List of points

There are 7 points in The Forge refer to Daring.

With God’s grace, you have to tackle and carry out the impossible… because anybody can do what is possible.

Get rid of that human prudence which makes you so very cautious, so — sorry to be so blunt! — cowardly.

—Let us not be narrow-minded. Let us not be infantile men or women, who are nearsighted and lack a supernatural breadth of vision…! Could we be working for ourselves? Of course not!

Well then, let us say quite fearlessly: Dearest Jesus, we are working for you, and… are you going to deny us the material means we need? You know full well how worthless we are; still, I would not treat a servant working for me in that way…

Therefore, we hope and are sure you will give us all we need to be able to serve you.

The solution is to love. Saint John the Apostle wrote some words which really move me: qui autem timet, non est perfectus in caritate. I like to translate them as follows, almost word for word — the fearful man doesn’t know how to love.

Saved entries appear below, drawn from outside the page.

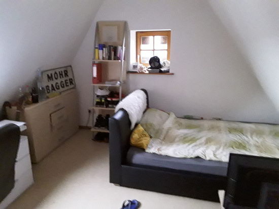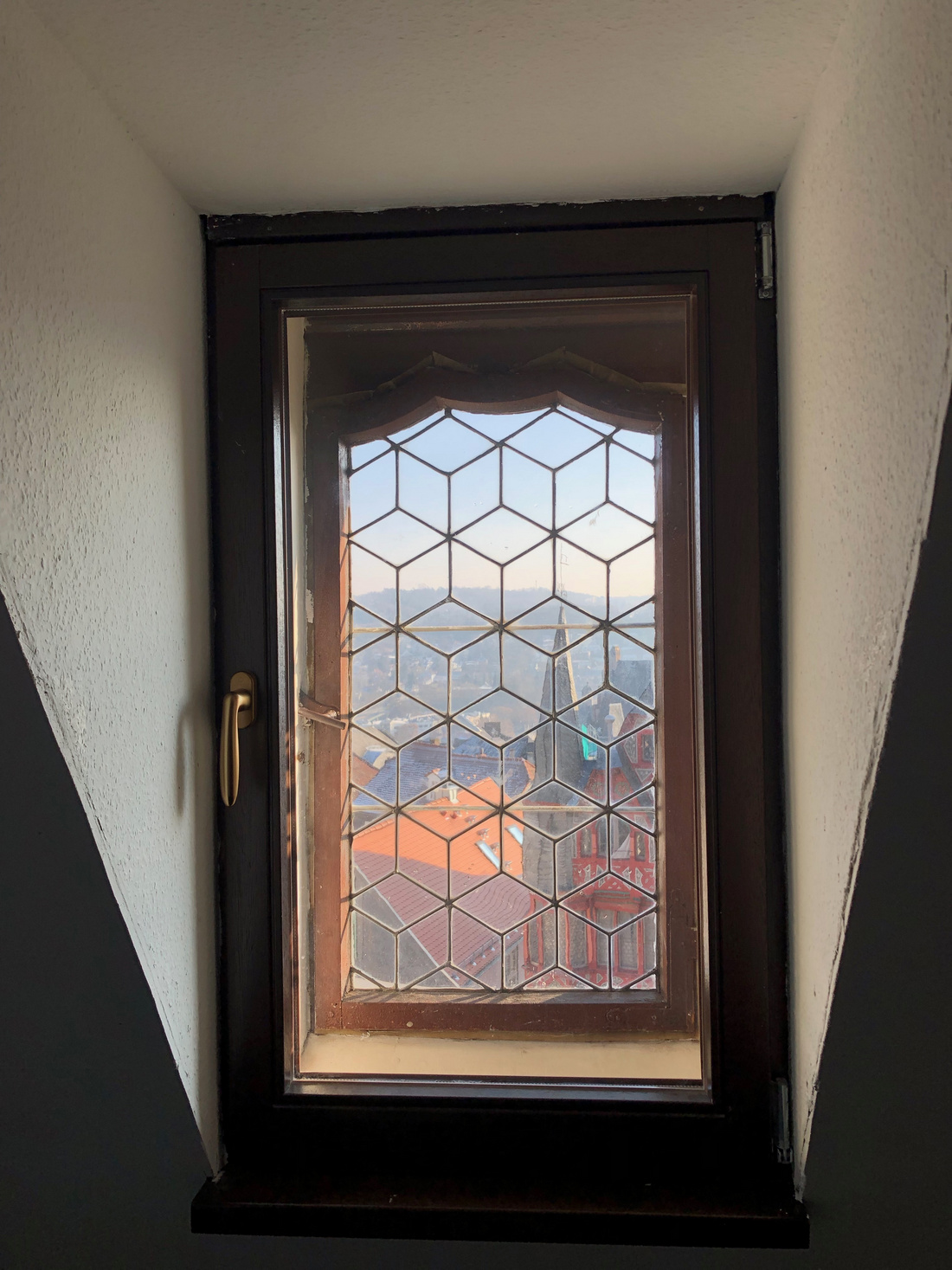 Zweiter Stock, rechts. Die zwei Meter breite Fensterfront dieses Zimmers zeigt nach Südwesten. Der Blick fällt auf die verwinkelten Fachwerkhäuser der Nachbarschaft mit Schieferplatten-gedeckten Dächern und einen außergewöhnlich krummen Glockenturm der Lutherischen Kirche. Das Zimmer ist 16 qm groß, hell, modern möbliert und mit Telefon- und DSL-Anschluss ausgestattet. Bad und WC sind direkt nebenan.
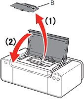 Open the Print Head Lock Lever (2) (E) fully until it stops.
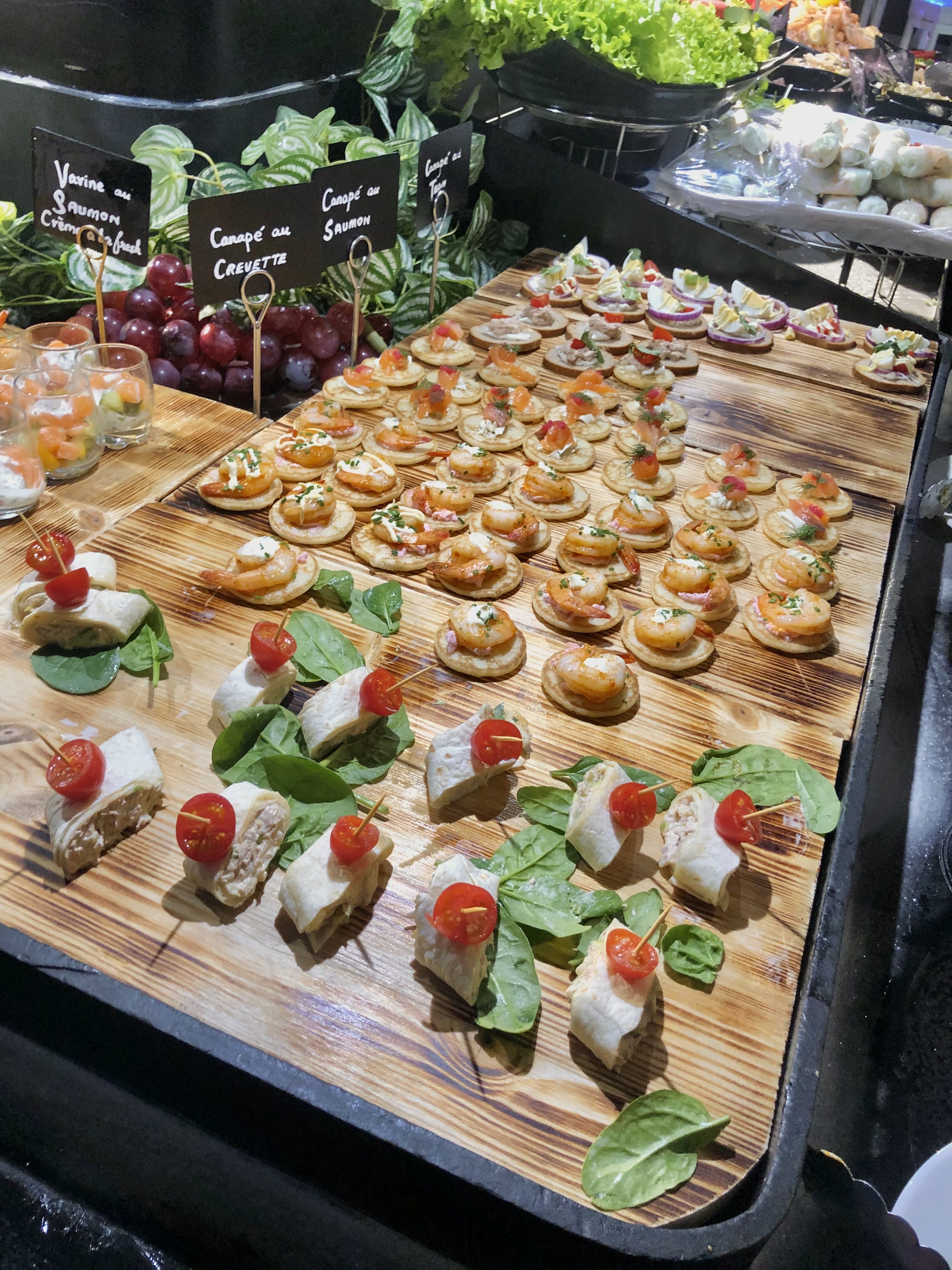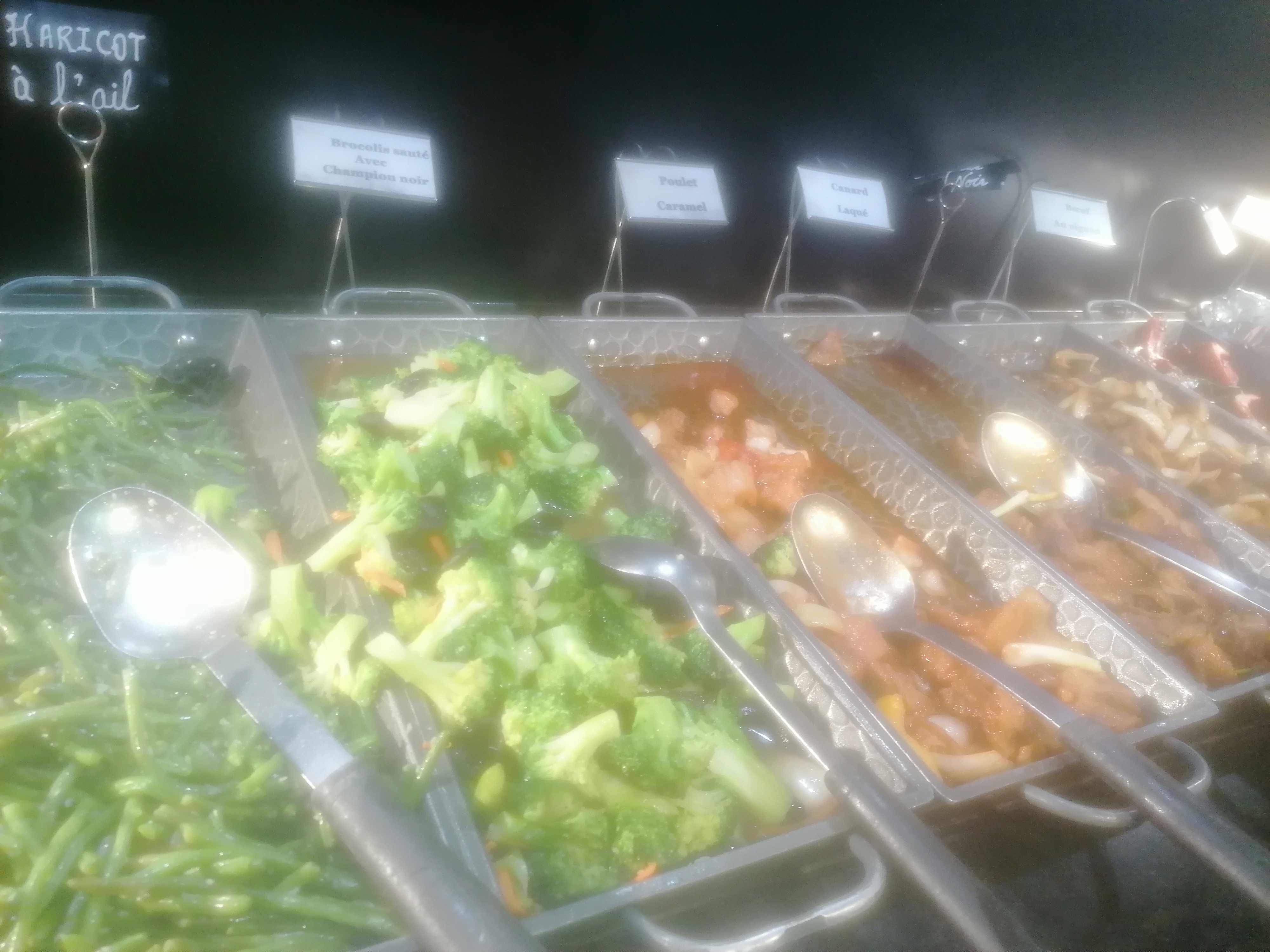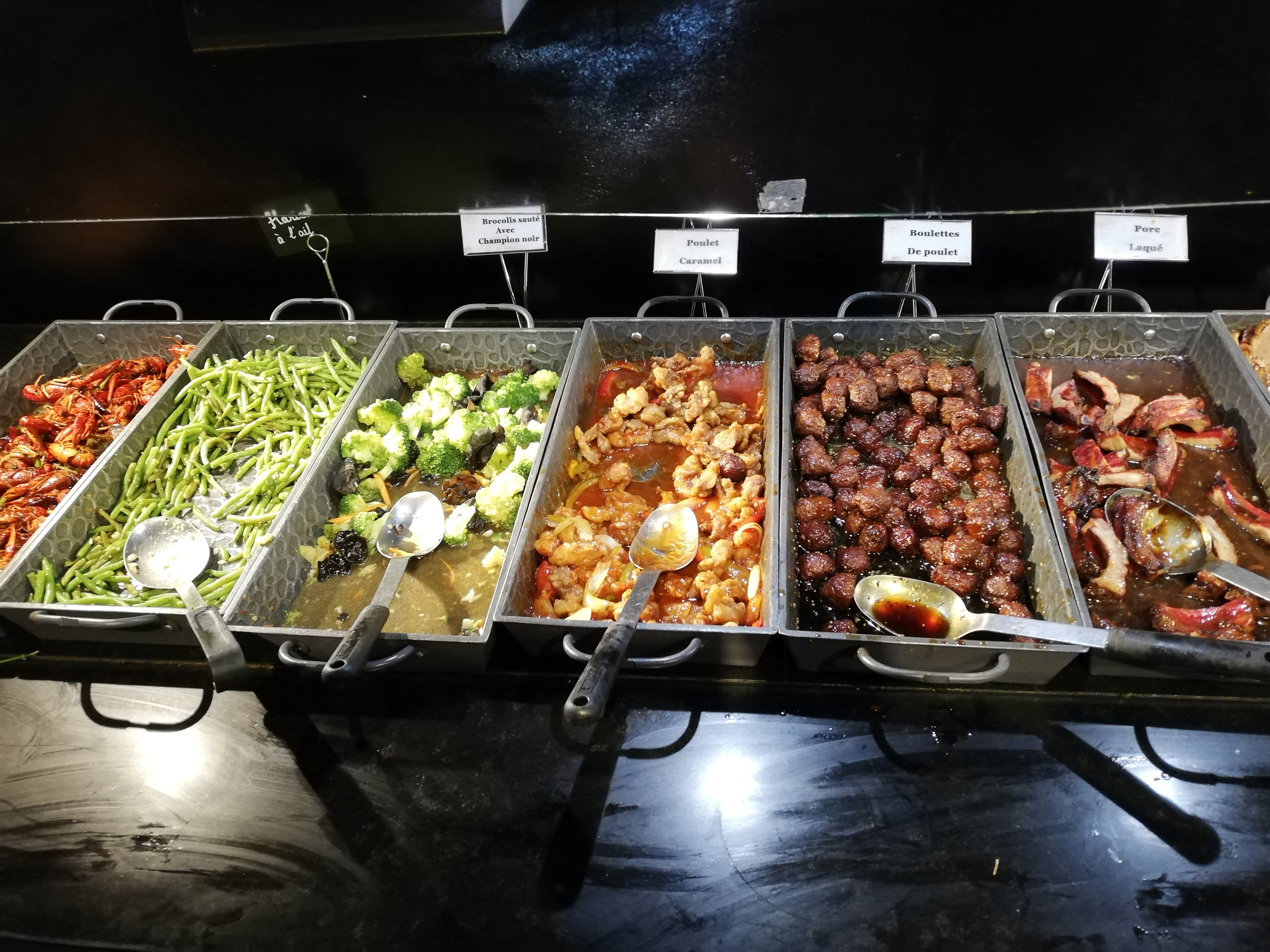 Cuisine asiatique en majorité mais on y trouve de tout, bien achalandé, Beaucoup de choix pour ceux qui aiment les crustacés. A faire pour ceux qui aiment les buffets à volonté.

—You, therefore, who do love and know how to show it, you mustn’t be afraid of anything. So, on you go!

Jesus has died. He is a corpse. Those holy women had no expectations. They had seen how he had been abused, and how he had been crucified. How vivid in their minds was the violence of the Passion he had undergone!

They knew, too, that the soldiers were keeping watch over the place. They knew that the tomb was sealed shut: “Who will roll away the stone for us from the door?” they asked themselves, for it was a massive slab. But all the same…, in spite of everything, they went to be with him.

Look: difficulties, large and small, can be seen at once… But if there is love, one pays no heed to those obstacles: one goes ahead with daring, with conviction, with courage. Don’t you have to confess your shame when you contemplate the drive, the daring and the courage of these women?

Encourage your noble human qualities. They can be the beginning of the building of your sanctification. At the same time, remember what I have already told you before, that when serving God, you have to burn everything, even “what people will say”, and even what they call reputation, if necessary.

With a sense of profound humility — strong in the name of our God, and, as the Psalmist says, not “in the numbers of our chariots and of our horses” — we have to make sure, without regard for human considerations, that there are no corners of society where Christ is not known.

Defend the truth with charity and firmness when the things of God are at stake. Practise holy shamelessness in denouncing errors, even though at times they are no more than insinuations; at other times they will be odious utterances of the most blatant ignorance, and, normally, a sign of man’s frustration at not being able to endure the fruitfulness of the word of God.